═════ SUPPLIED DATA ═════

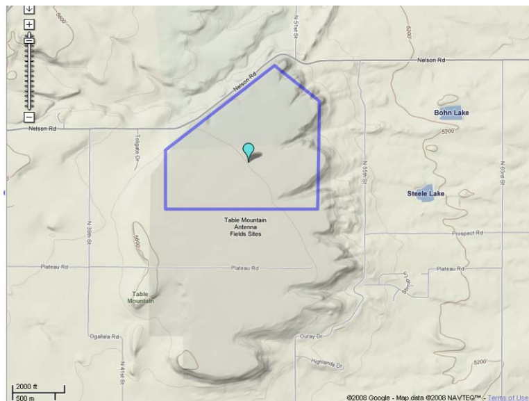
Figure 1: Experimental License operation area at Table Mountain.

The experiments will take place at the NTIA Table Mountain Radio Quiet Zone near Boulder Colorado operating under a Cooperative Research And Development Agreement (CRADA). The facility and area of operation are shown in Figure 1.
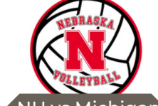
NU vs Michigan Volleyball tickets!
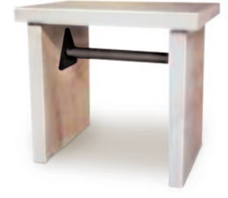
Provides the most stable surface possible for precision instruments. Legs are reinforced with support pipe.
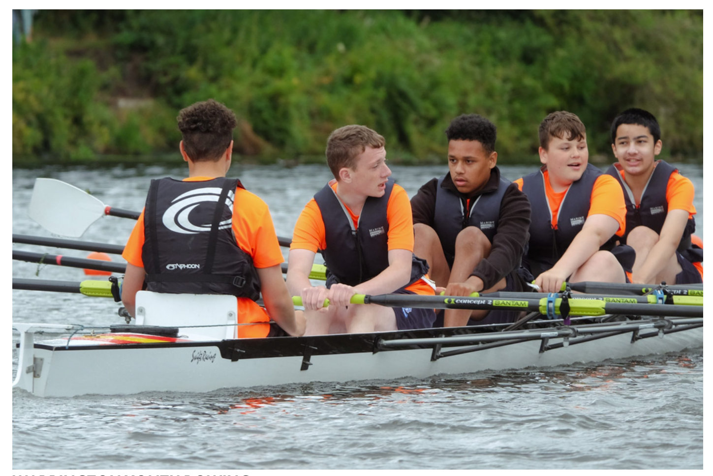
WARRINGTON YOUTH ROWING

═════

YOUR TASK: Output every entry verbatim. Pictures do not belong in the copy.

RESPONSE:
Figure 1: Experimental License operation area at Table Mountain.

The experiments will take place at the NTIA Table Mountain Radio Quiet Zone near Boulder Colorado operating under a Cooperative Research And Development Agreement (CRADA). The facility and area of operation are shown in Figure 1.
NU vs Michigan Volleyball tickets!
Provides the most stable surface possible for precision instruments. Legs are reinforced with support pipe.
WARRINGTON YOUTH ROWING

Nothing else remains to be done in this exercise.